◆ **Information provided**:
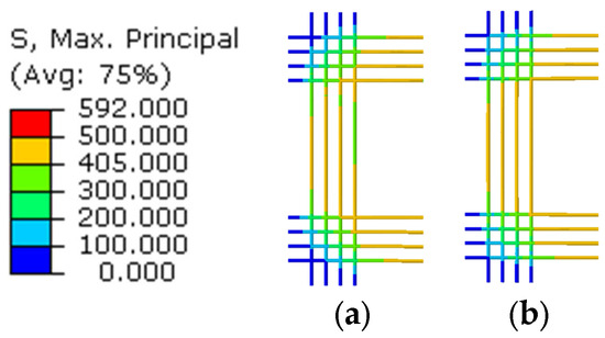 The parameter () shows that a biaxial stress state gives rise to a higher strength when compared to a uniaxial stress (Figure A1a). This ratio is often adopted with a value equal to 1.16 [25] and it is used to determine the value of in Equation (A2). Experimental compressive tests give a precise ratio to be adopted. Ren et al. [40] determined this ratio using a numeric model. The research found a value equal to 1.76, which is higher than 1.16.
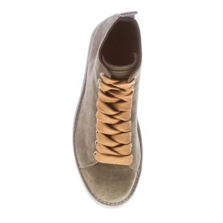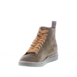 Khaki suede P01 laced ankle boot with walnut laces and internal microfibre lining. Grey laces included. Removable internal footbed. Rubber outsole with 2,7 cm height
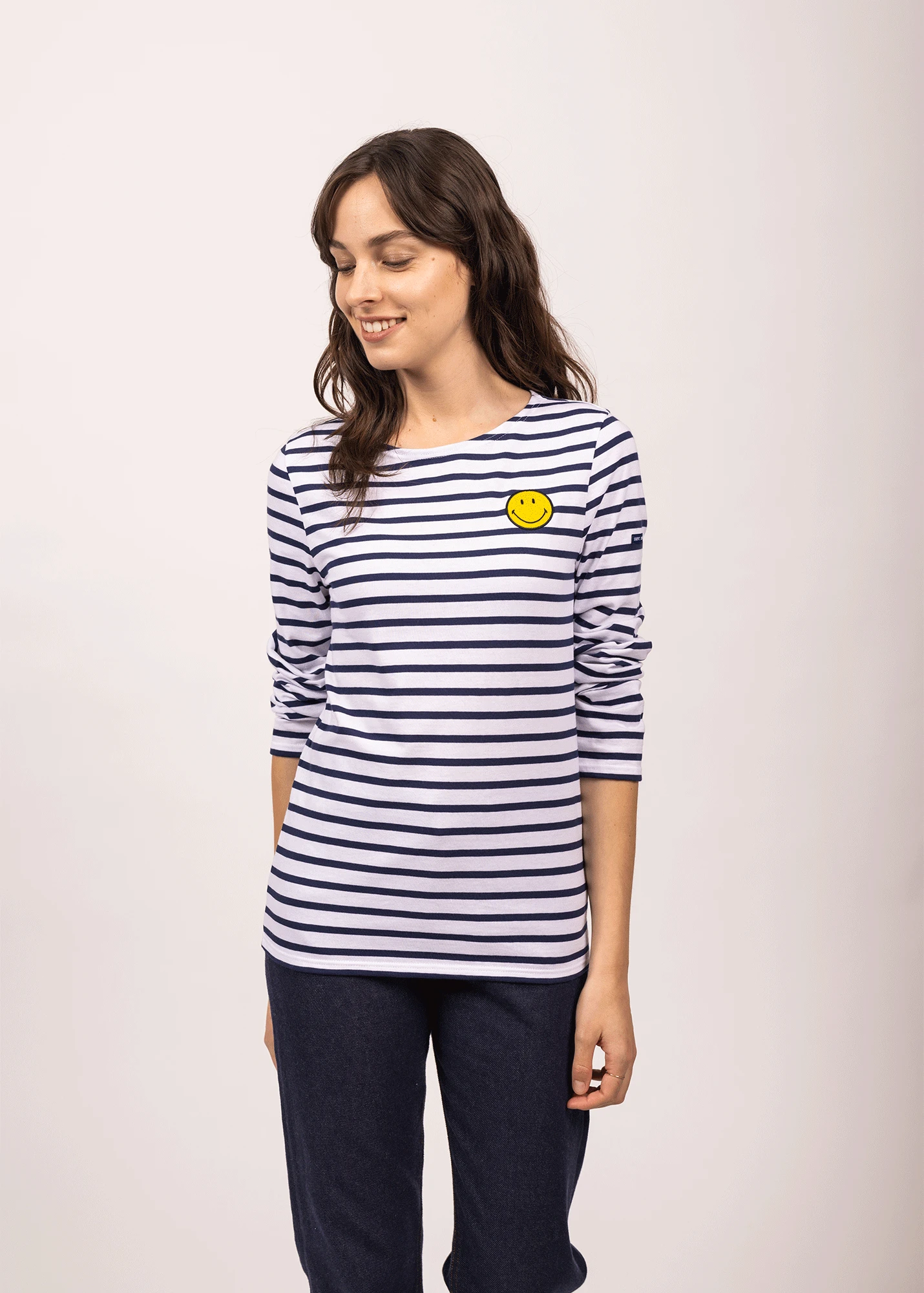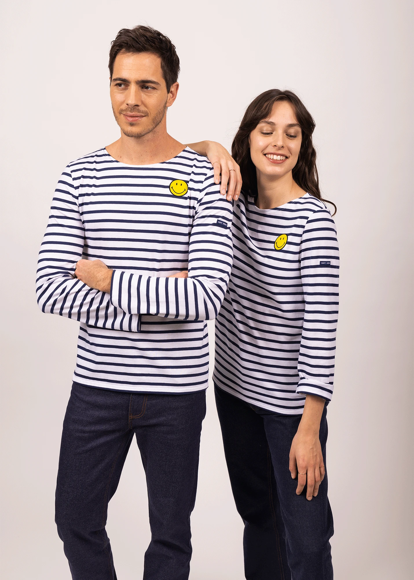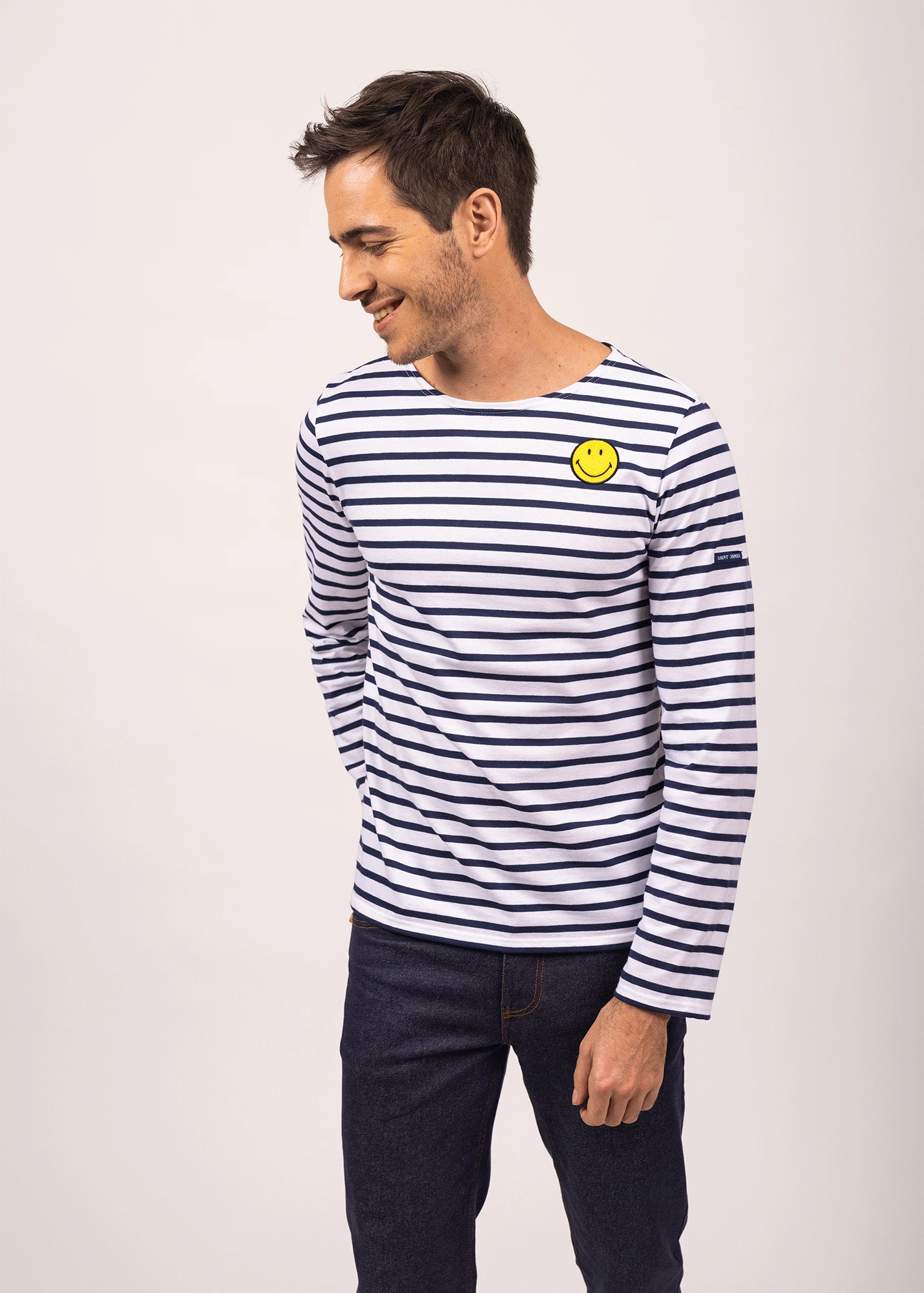 Pour célébrer le 50ème anniversaire de la marque au sourire, SAINT JAMES s’associe avec Smiley pour vous proposer une nouvelle version de notre iconique marinière Minquiers, placée sous le signe de la bonne humeur. Avec son patch brodé Smiley, la classique marinière rayée apportera du sourire et de la joie dans votre garde-robe.

◆ **Action item**: Copy the material above word for word, images excluded.

◆ **Response below**:
 The parameter () shows that a biaxial stress state gives rise to a higher strength when compared to a uniaxial stress (Figure A1a). This ratio is often adopted with a value equal to 1.16 [25] and it is used to determine the value of in Equation (A2). Experimental compressive tests give a precise ratio to be adopted. Ren et al. [40] determined this ratio using a numeric model. The research found a value equal to 1.76, which is higher than 1.16.
 Khaki suede P01 laced ankle boot with walnut laces and internal microfibre lining. Grey laces included. Removable internal footbed. Rubber outsole with 2,7 cm height
 Pour célébrer le 50ème anniversaire de la marque au sourire, SAINT JAMES s’associe avec Smiley pour vous proposer une nouvelle version de notre iconique marinière Minquiers, placée sous le signe de la bonne humeur. Avec son patch brodé Smiley, la classique marinière rayée apportera du sourire et de la joie dans votre garde-robe.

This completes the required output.